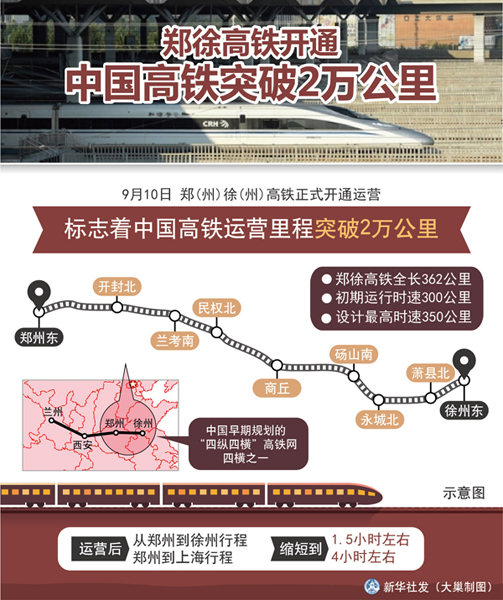 9月10日,鄭徐高鐵開通。中國高鐵里程突破2萬公里。新華社發(fā) 大巢制圖
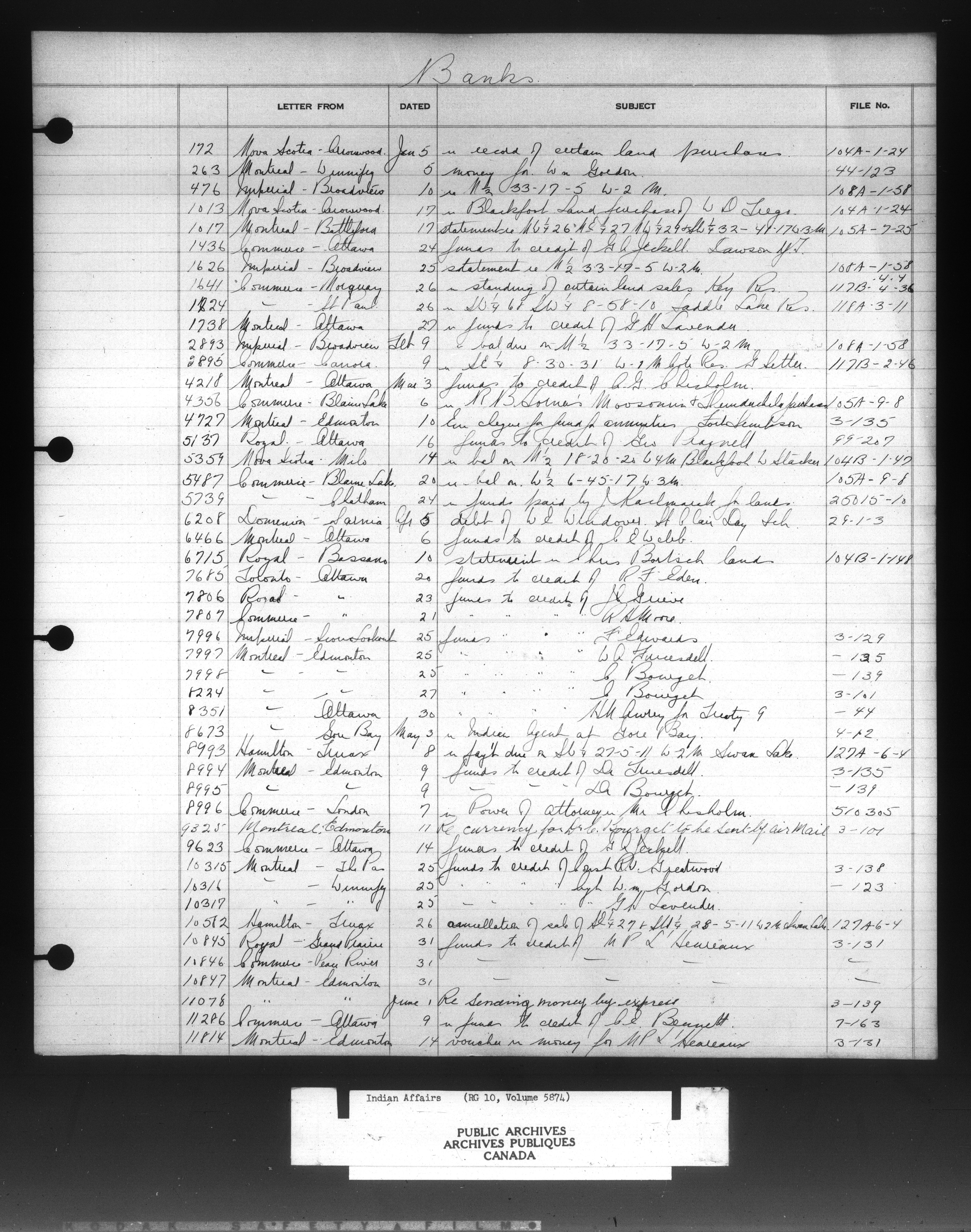 Department of Indian Affairs : Indexed Registers for Eastern Canada - 10917
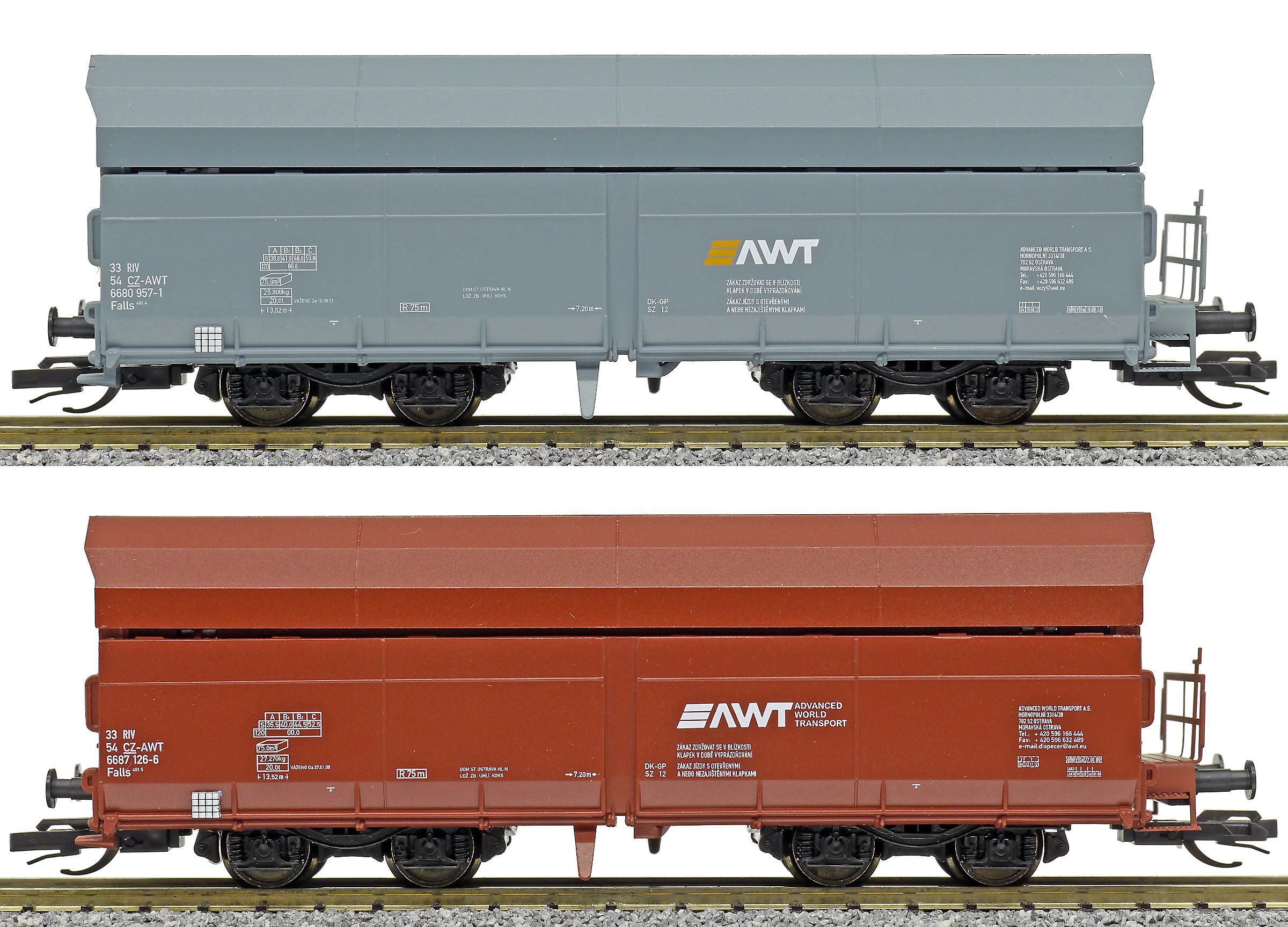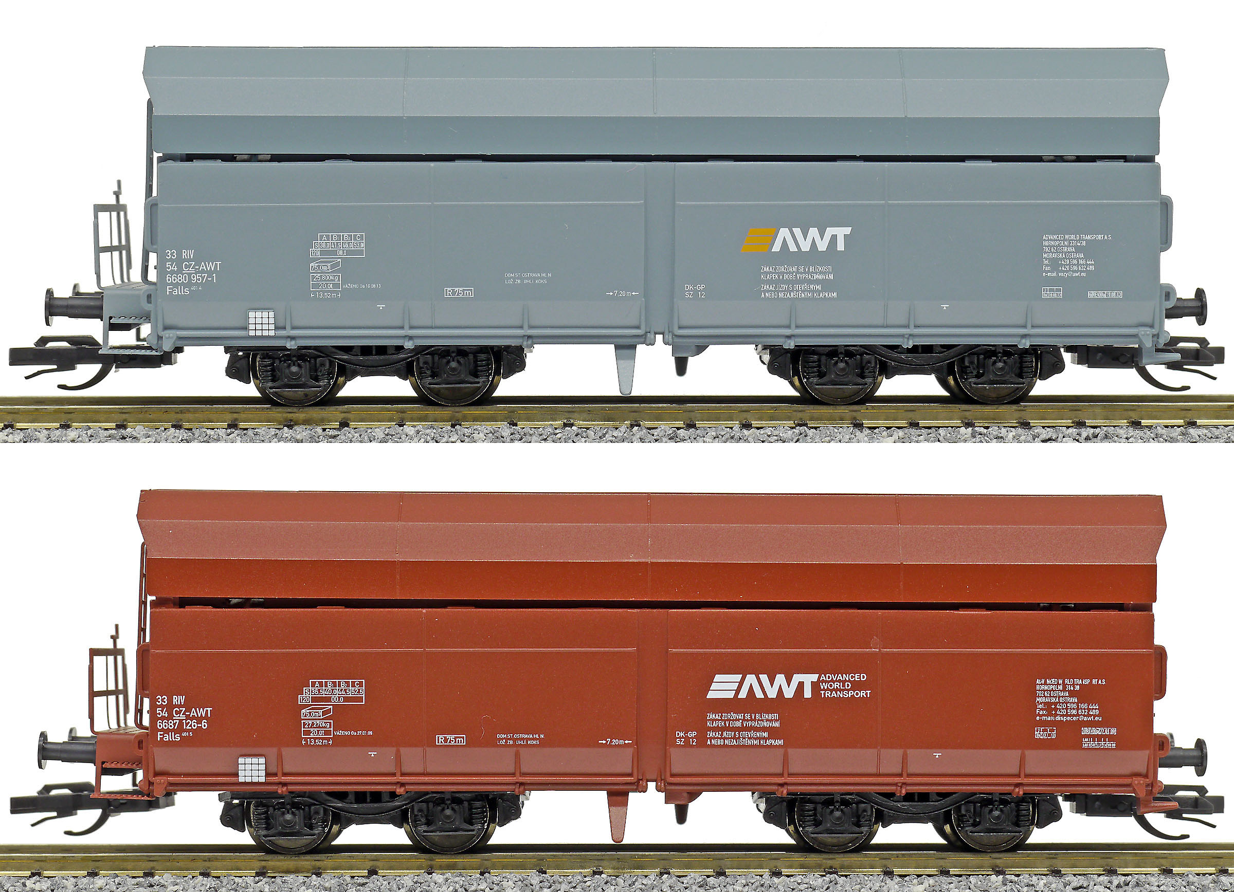 | nákladní samovýsypný vůz červenohnědý s logem „AWT“ |
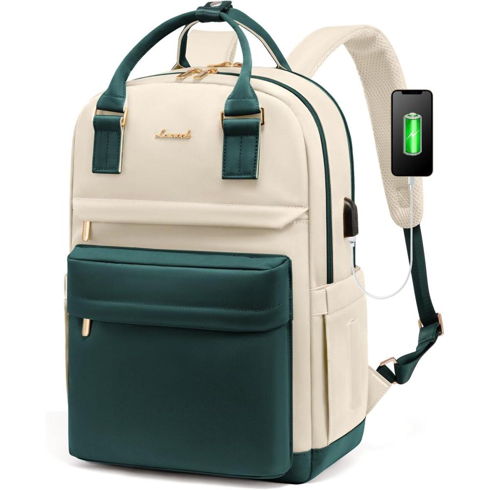 LOVEVOOK Laptop Backpack for Women Men 15.6 Inch Laptop Bag with USB Port Fashion Waterproof Backpacks Teacher Nurse Stylish Travel Bags Vintage Daypacks Bookbag for College School Work(Green & Beige)
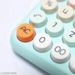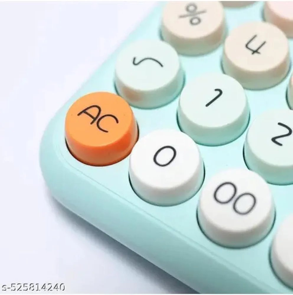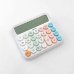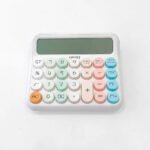 DESIGN: Sleek desktop calculator featuring a modern aesthetic with pastel-coloured keys and a clean white housing for stylish functionality
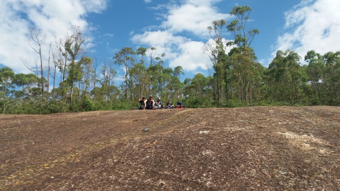 Chegamos a Pedra Grande e com bela vista, fizemos um lanche bem reforçado para seguir com a travessia que daquele ponto não estava nem na metade. Esperamos pela nossa companheira Agatha e Priscila que estavam fechando a trilha, nosso ritmo tinha ser mais apertado dali em diante e com nuvens CB (cumulonimbus) em cima de nós.
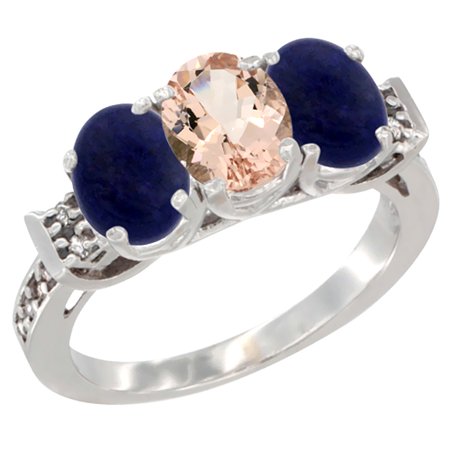 14K White Gold Natural Morganite & Lapis Ring 3-Stone 7x5 mm Oval Diamond Accent, sizes 5 - 10
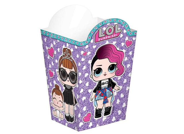 Surprise your guests with favours and treats packed into these colourful LOL Surprise popcorn boxes!
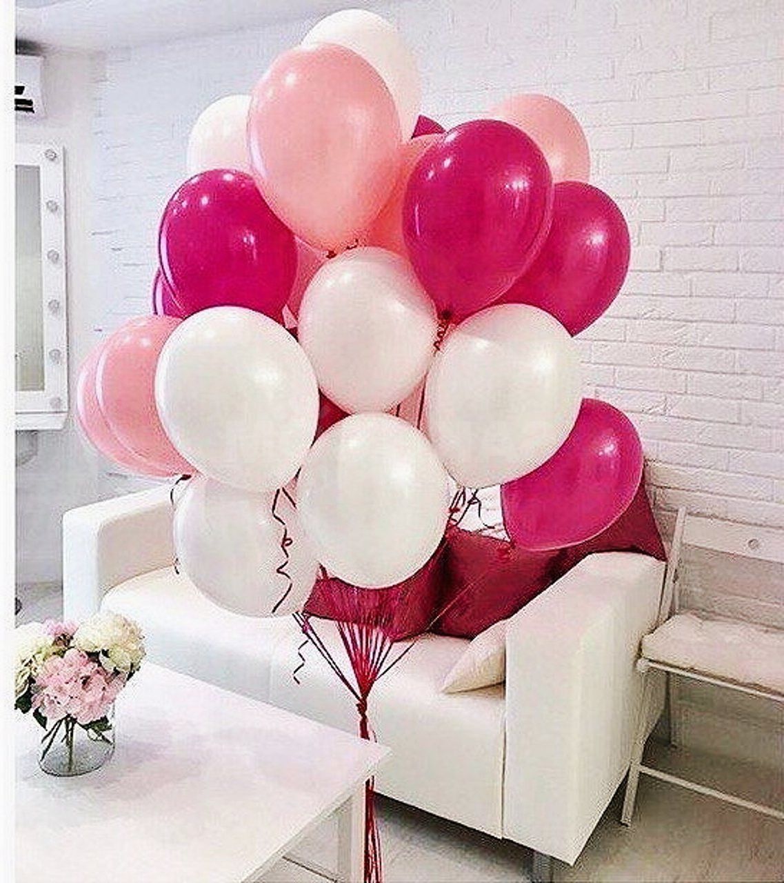 Фонтан из одиннадцати шаров выстроен вокруг трех фольгированных сердец розового золота. Хром и латекс разной плотности добавляют глубину всей композиции.
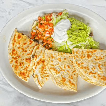 One burrito, one shredded beef quesadilla & one Chile relleno
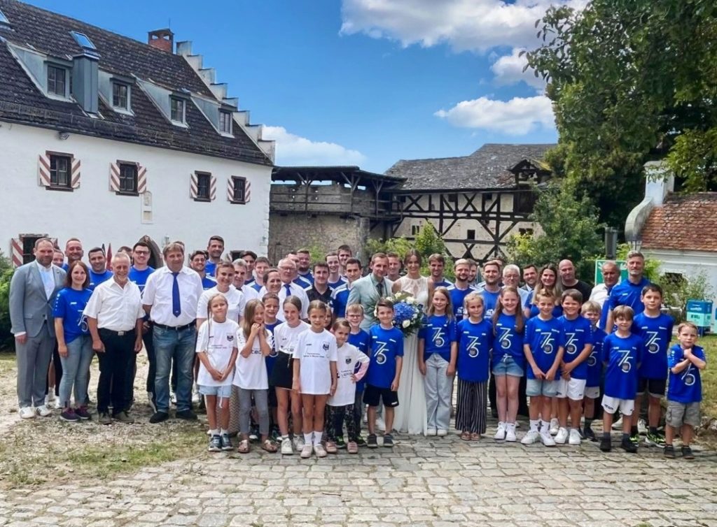 Laura Sturm und Max Rausch haben sich auf Schloss Arnsberg vor dem 1. Bürgermeister Christian Wagner des Marktes Kipfenberg das Jawort gegeben. Beide sind mit dem FC Arnsberg tief verwurzelt. Laura Sturm ist seit über 6 Jahren bereits Vorständin und Max Rausch seit seiner Jugend aktiver Fußballspieler und jetziger Co-Trainer der 1. Fußballmannschaft. So überraschten mehr als 50 Mitglieder, von den kleinsten Tanzmädchen und Bambini Kickern, Jugendtrainern, Fußballern, Vorstands- und Ehrenmitgliedern mit Ehrenvorstand und Ehrenvorsitzenden das jung vermählte Paar. Schriftführerin Anna Finster überreichte einen Blumenstrauß in den Vereinsfarben Weiß / Blau und wünschte ihnen für ihren gemeinsamen Lebensweg alles erdenklich Gute.
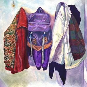 heres the line up of the j-hooks in our room <3 cute red jacket, purple backpack, and an ex's pea coat
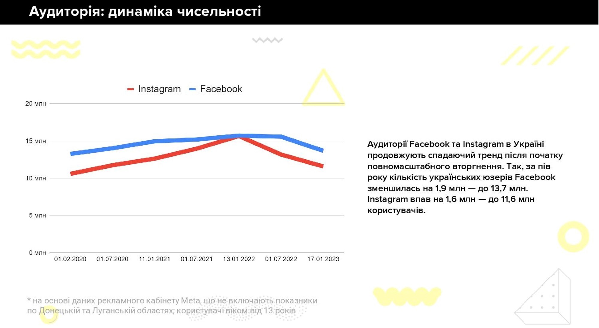 Однако в украинских реалиях за последние полтора года ситуация изменилась по крайней мере дважды. Первый раз, когда в начале 2022 года Instagram догнал по количеству пользователей Facebook, второй раз – когда после полномасштабного российского вторжения начался отток пользователей из страны. Согласно исследованию Plusone Social Impact, за год украинский Facebook потерял 2 млн пользователей – его аудитория насчитывает 13,7 млн пользователей. Годовое падение Instagram составило 4,1 млн человек, и теперь его аудитория составляет 11,6 млн, что, безусловно, повлияло и на показатели социальной коммерции. Однако Instagram продолжает сокращать дистанцию с Facebook по активности потребителей.
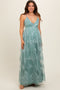 Cream Ribbon Strap Tiered Maternity Maxi Dress
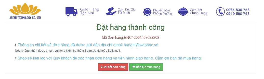 Quý khách tiến hành điền tiếp thông tin kiểm tra giá và Click vào Đặt hàng. Đặt hàng thành công, quý khách sẽ được thông báo:
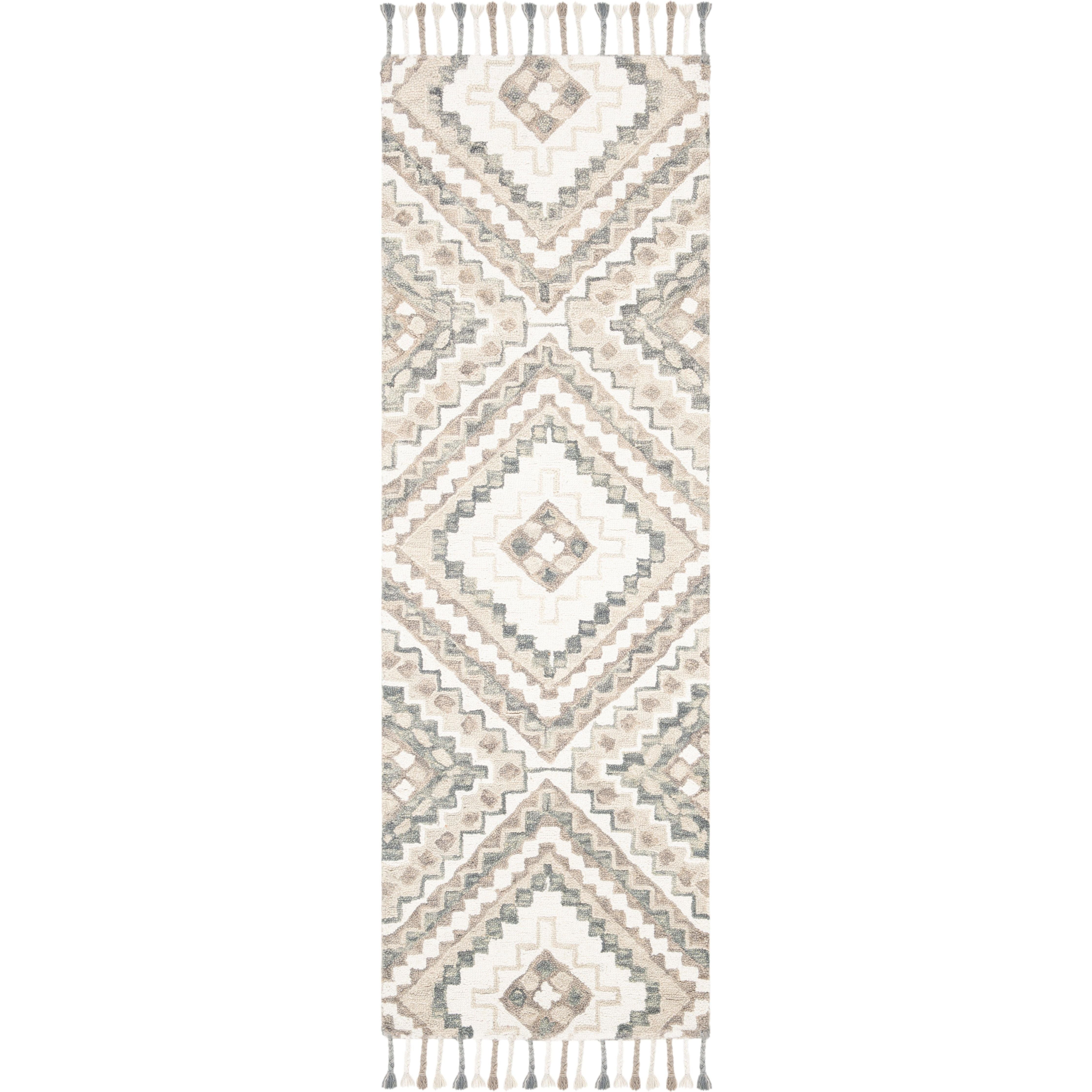 Aspen APN250E Taupe Ivory rug from the Aspen Collection, embodying the rustic-chic trend with tribal-art inspired designs and a serene color palette. Crafted from pure wool in a low loop pile, this collection offers both style and comfort underfoot, making it ideal for classy-casual home decor. The rug boasts an approximate thickness of 0.5 inches, adding a touch of luxury to any space.

○ ○ ○

** Brief **
Exactly the lines above, from the one containing "nákladní samovýsypný vůz" down to the one containing "Chegamos a Pedra", are to be repeated, including both ends. Pictures are not part of the copy.

** Solution for this exercise **
 | nákladní samovýsypný vůz červenohnědý s logem „AWT“ |
 LOVEVOOK Laptop Backpack for Women Men 15.6 Inch Laptop Bag with USB Port Fashion Waterproof Backpacks Teacher Nurse Stylish Travel Bags Vintage Daypacks Bookbag for College School Work(Green & Beige)
 DESIGN: Sleek desktop calculator featuring a modern aesthetic with pastel-coloured keys and a clean white housing for stylish functionality
 Chegamos a Pedra Grande e com bela vista, fizemos um lanche bem reforçado para seguir com a travessia que daquele ponto não estava nem na metade. Esperamos pela nossa companheira Agatha e Priscila que estavam fechando a trilha, nosso ritmo tinha ser mais apertado dali em diante e com nuvens CB (cumulonimbus) em cima de nós.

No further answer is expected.